Via Ezra Klein’s Wonkbook (definitely one of my favorite morning emails), a variety of takes on what’s in the financial reform bill:

1. From Deloitte’s 12-page summary:

Because the new U.S. law is complex, it can be helpful to remind ourselves that its underlying purpose is relatively simple and has two powerful strands: 1. ‘De-risk’ the financial system by constraining individual organizations’ risk-taking activities and capturing a broader set of organizations’, including the so-called “shadow” banking system, in the regulatory net 2. Enhance consumer protections. . . .For example, the need for “arm’s-length” swap desk affiliates combined with the move from over- the-counter to exchange trading for derivatives, tighter constraints on leverage and risk-taking, and higher liquidity requirements imply lower profit margins in future from those activities.

Some estimates I’ve seen have estimated the profit margins might be around 15% lower.

2. Simon Johnson on the Kanjorski Amendment as a “new kind of antitrust:”

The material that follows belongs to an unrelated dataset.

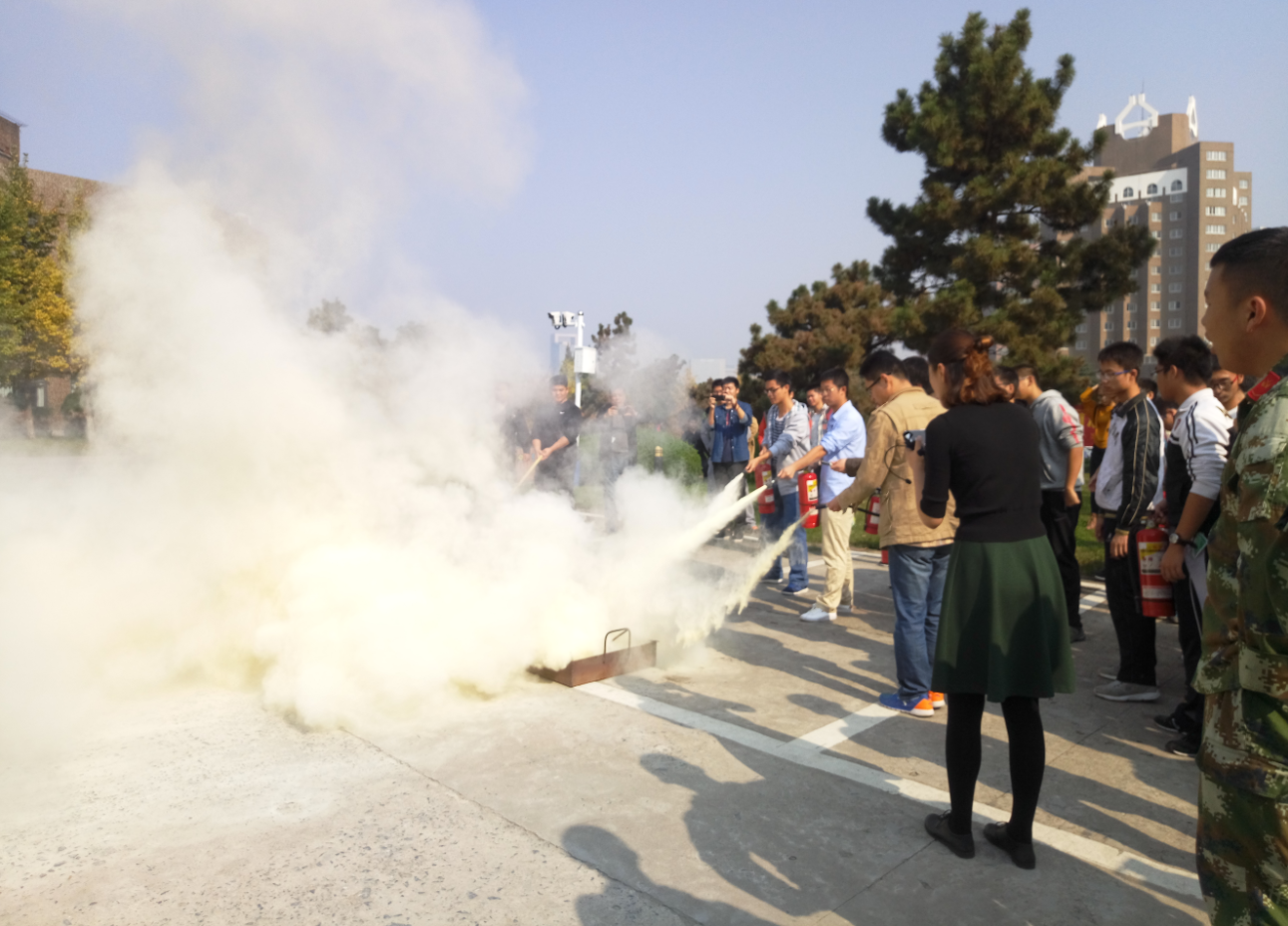 为了让师生们对初期火灾的扑救有更直观的认识,消防官兵在讲解完灭火器的使用方法和注意事项后,现场演示了如何使用干粉灭火器进行灭火,然后由火灾研会组织师生操作灭火器扑灭油池火。在消防官兵的指导下,由大家轮流使用灭火器对着火的油盘进行灭火演练,大家的参与度都很高涨。

Effective size caps on banks were imposed by the banking reforms of the 1930’s, and there was an effort to maintain such restrictions in the Riegle-Neal Act of 1994. But all of these limitations fell by the wayside during the wholesale deregulation of the past 15 years. Now, however, a new form of antitrust arrives – in the form of the Kanjorski Amendment, whose language was embedded in the Dodd-Frank bill. Once the bill becomes law, federal regulators will have the right and the responsibility to limit the scope of big banks and, as necessary, break them up when they pose a “grave risk” to financial stability.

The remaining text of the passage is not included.